Hardcoded secrets	2 (lines 5–6)	Yes
SQL injections	2 (lines 14, 37)	Yes
Dangerous calls	`eval` + `pickle.loads`	Yes
Complexity errors	1 (`get_user_data`)	Yes
Naming violations	2	Yes
Missing type hints	12	Yes
Missing docstrings	7	Yes

The LLM above the analyzer layer is entirely interchangeable. The deterministic tool layer does the actual work — the LLM’s job is to invoke the tools correctly and present the results well.

This separation matters more than the paradigm choice. Keep the deterministic layer deterministic. Don’t let your orchestration framework bleed into it. If an analyzer needs to change, that’s a Python PR with tests. If the reviewer’s presentation needs to change, that’s a markdown edit. If you want to swap frameworks entirely, you keep the analyzers and change the wiring.

With that in mind, let’s compare what actually differs.

The core distinction

SDK paradigm:   Your code calls the LLM
CLI paradigm:   The LLM calls your code

That’s not just a description of control flow — it’s a claim about where the intelligence lives.

In the SDK, intelligence is expressed in code: graph structure, tool wiring, type contracts, dispatch logic. In the CLI paradigm, intelligence is expressed in prose: workflow instructions, skill files, subagent personas. Both can produce correct, production-grade results. They optimize for different things — and they break in different ways.

Dimension-by-dimension

Workflow enforcement

SDK wins. When the ADK orchestrator has four sub-agents wired in code, those four specialists run. Full stop. You can enforce “always run all checks” at the framework level.
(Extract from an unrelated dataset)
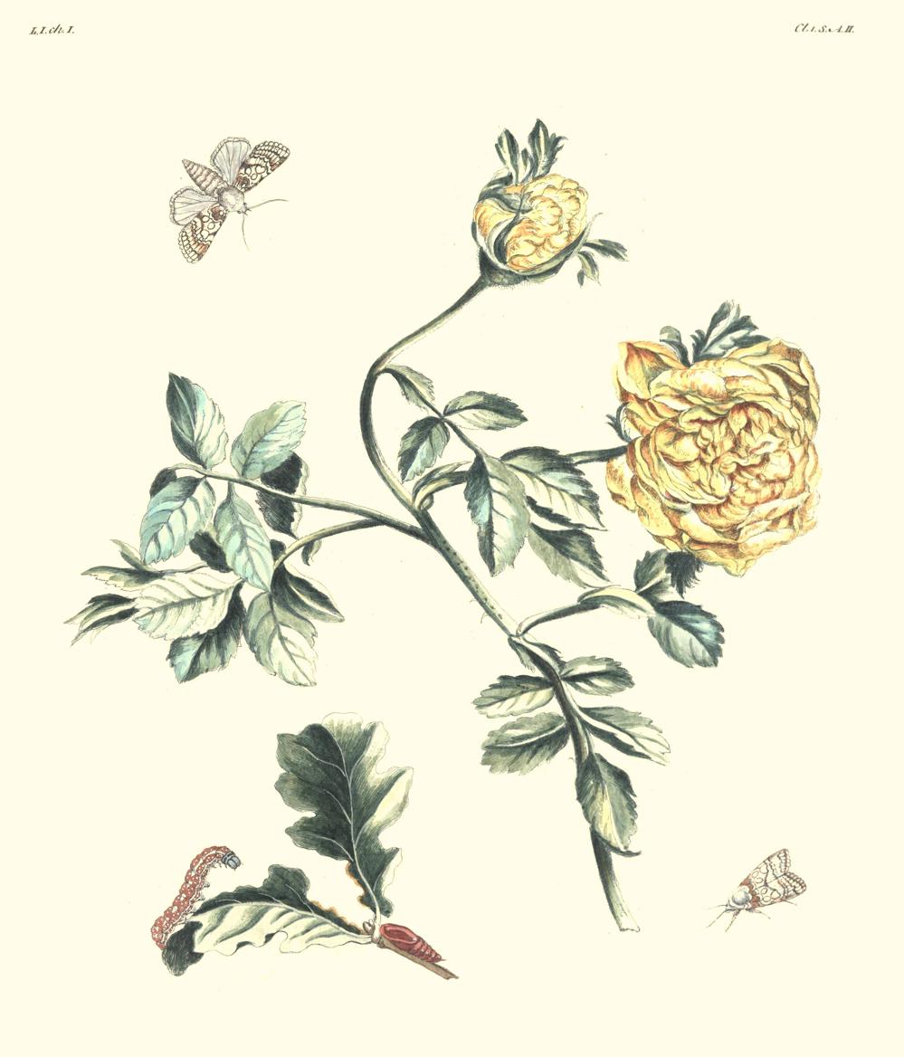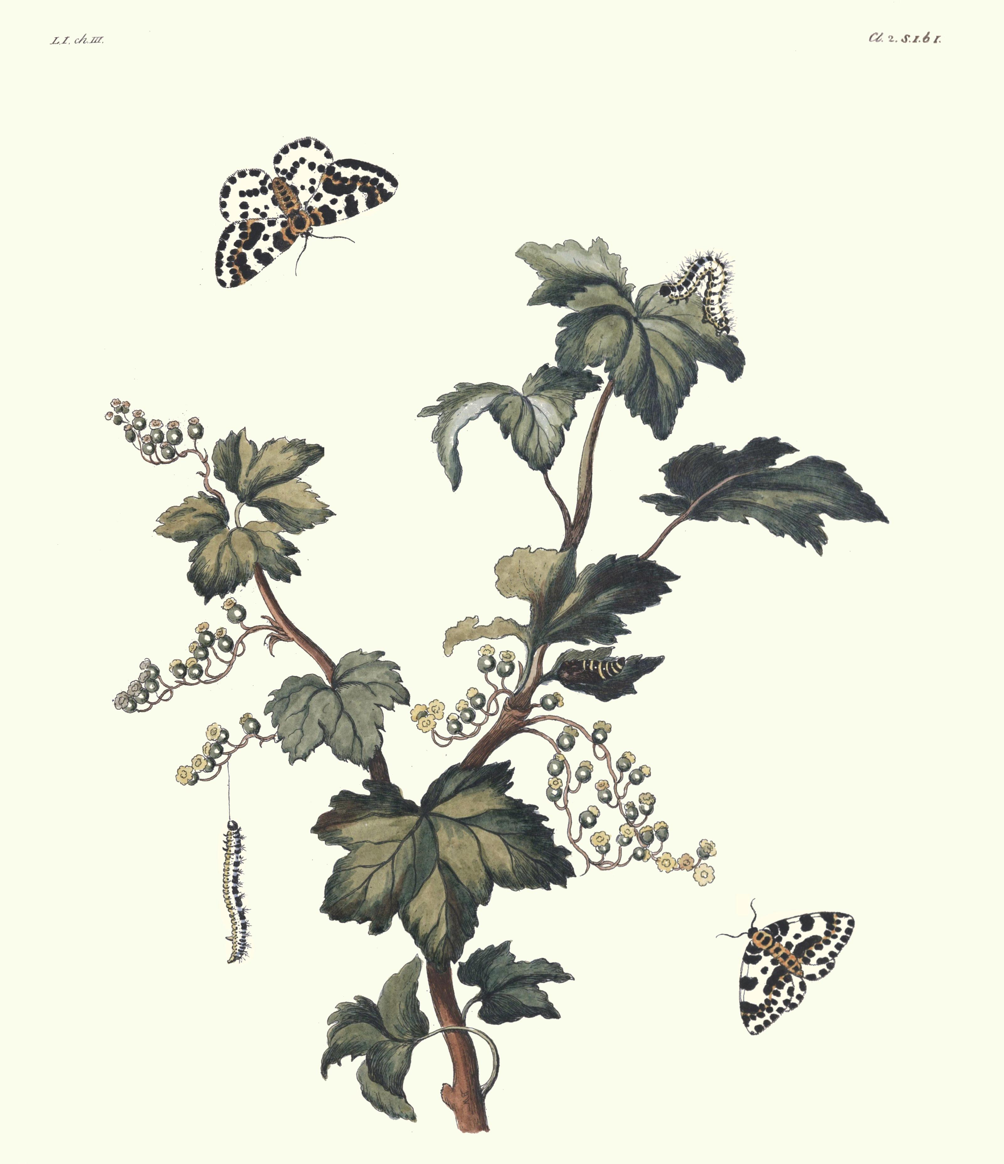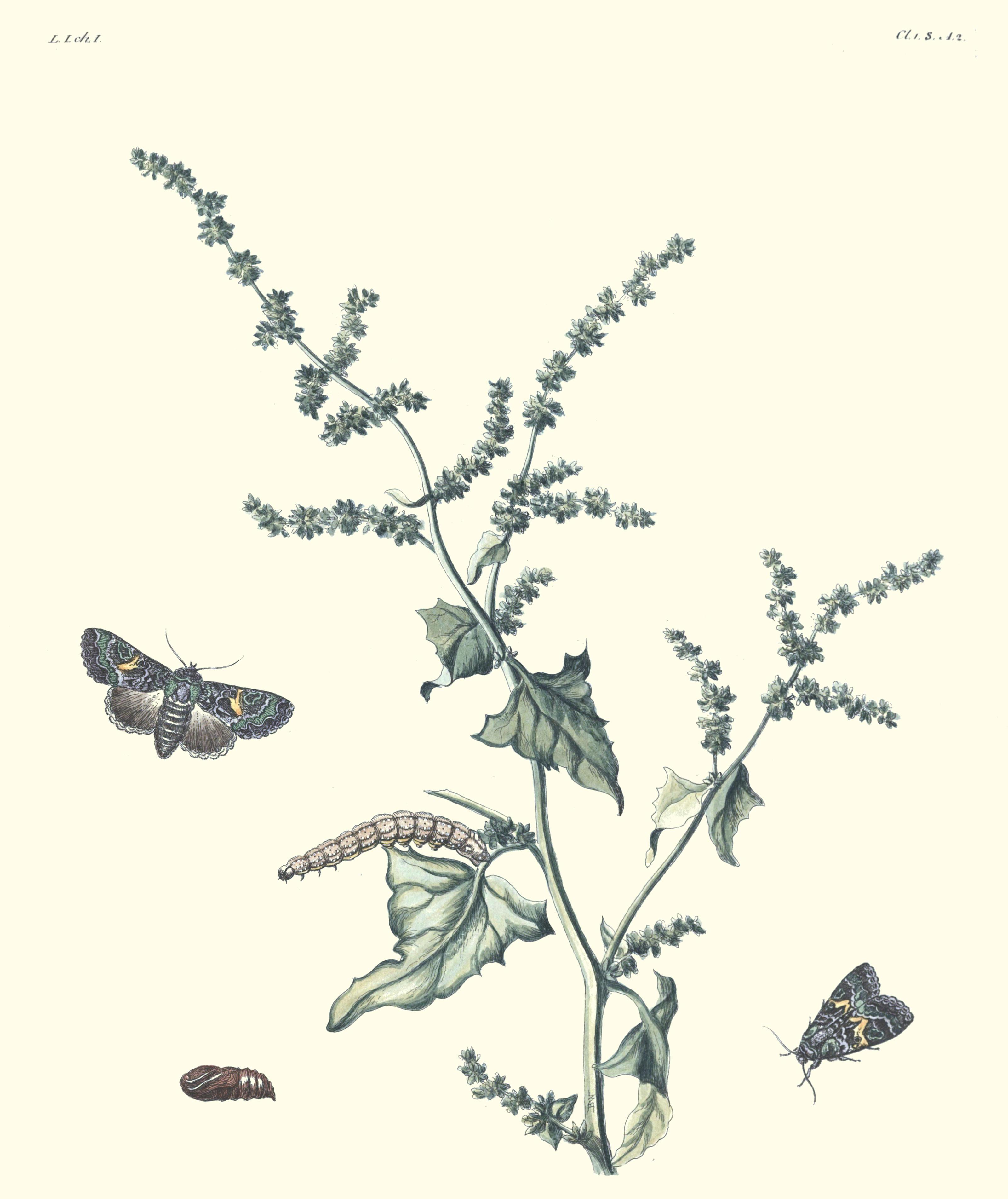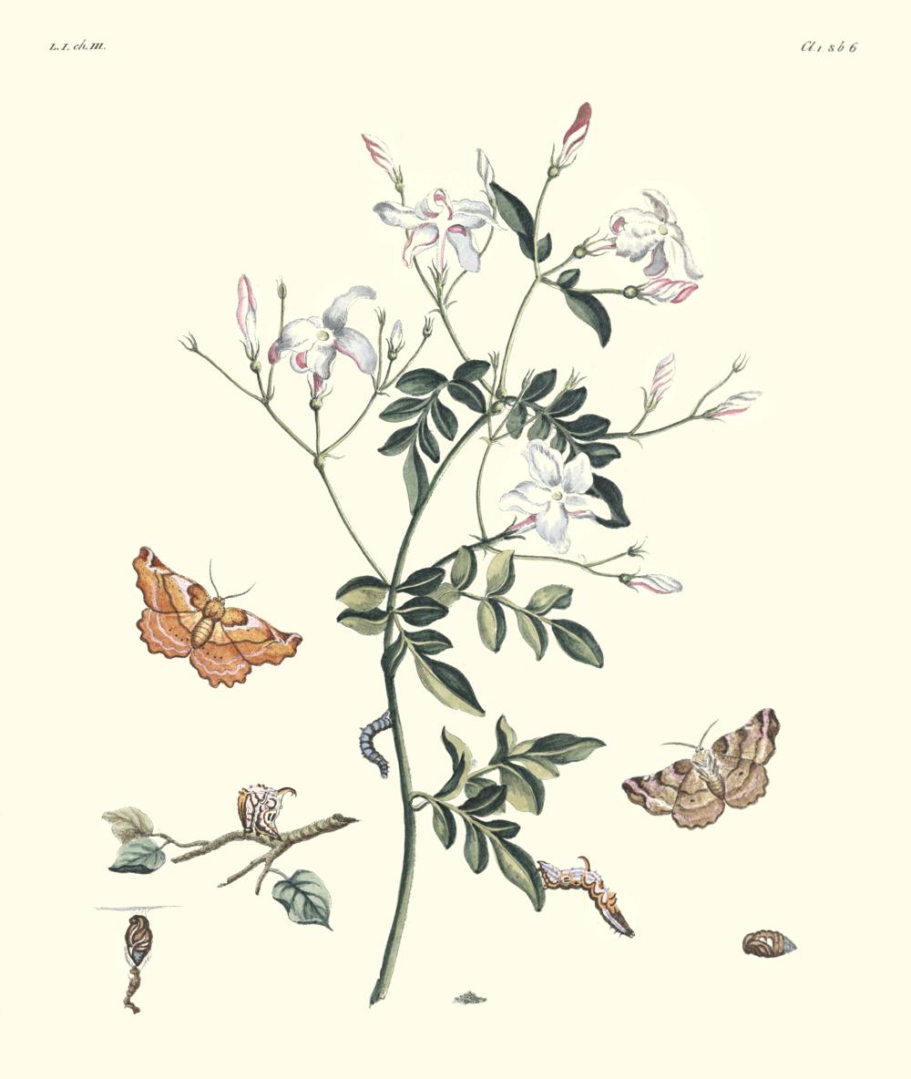 Some Ill-natured People, that love to find Fault with every Thing, have, he hears, objected against the Liberty he has taken, in giving in several of his Plates, Plants, Flowers, and Fruits, that are not in Reality the Food of the Caterpillars therein exhibited; but as the greatest Part of the Caterpillars described in this Work feed chiefly on the Oak, Elm, Black-Thorn, White-Thorn, Willow, and Nettle, all which are separately represented in different Plates, it was judged unnecessary (and would certainly have been tiresom) to repeat those Subjects, as often as different Caterpillars are presented to which they serve for Food: and therefore, instead of so doing, the Author has enriched his Undertaking with some of the most beautiful Productions of Nature in the Vegetable Kingdom: But, however, has not forgot to place the Caterpillars, in most of the Plates, on a small Specimen of the real Plant on which it feeds, as will be properly explained in the Account of each Particular Fly:—and this Care, it is hoped will be an Answer to all unreasonable Cavils.

In the CLI paradigm, the workflow is prose. A capable model will follow it reliably on most inputs, but there’s no mechanism that guarantees it. For safety-critical or compliance-governed pipelines — financial validation, medical record processing, regulatory audits — “the model usually follows instructions” isn’t a sufficient control. For developer tooling, it almost always is.

Iteration speed

CLI wins decisively. Changing how the security reviewer presents hardcoded-secret findings is a one-line edit to skills/security-review.md. No code review, no deployment, no restart. Re-run the review and the behavior changes immediately.

In the SDK, the same change means editing a triple-quoted Python string, going through review, redeploying the service, and restarting the runner. For a system whose behavior is going to evolve as your team learns what actually matters in production — which is most agent systems, at least early on — this friction adds up fast.

Latency

SDK wins for production services. ADK dispatches sub-agents in parallel; wall-clock time is bounded by the slowest specialist, not the sum. The CLI paradigm tends toward sequential execution by default — the LLM decides each next step, which adds model inference latency between phases.

That said, “higher latency” for a developer tool that runs locally when an engineer asks for a review is a different concern than “higher latency” for an API endpoint serving a web product under SLA. The question isn’t which is faster in absolute terms — it’s whether the latency budget fits the use case.

Non-engineer contributions

CLI wins. Security leads, compliance officers, senior engineers who don’t write Python — they can all open PRs against skill files. “Change the severity rubric for pickle deserialization findings” becomes a markdown edit. In the SDK, that same change requires a Python PR, which means it requires an engineer.

This matters more than it sounds. Agent behavior is fundamentally a policy question as much as a technical one. The people best positioned to answer “how severe is this finding?” are often not the people who can edit a Python codebase.

Debugging

CLI wins for transparency, SDK wins for structured observability. In the CLI paradigm, every tool call is visible in the terminal as it happens. You watch Claude decide to run the injection scanner, see the JSON output, follow it into the subagent. The execution trace is the terminal output.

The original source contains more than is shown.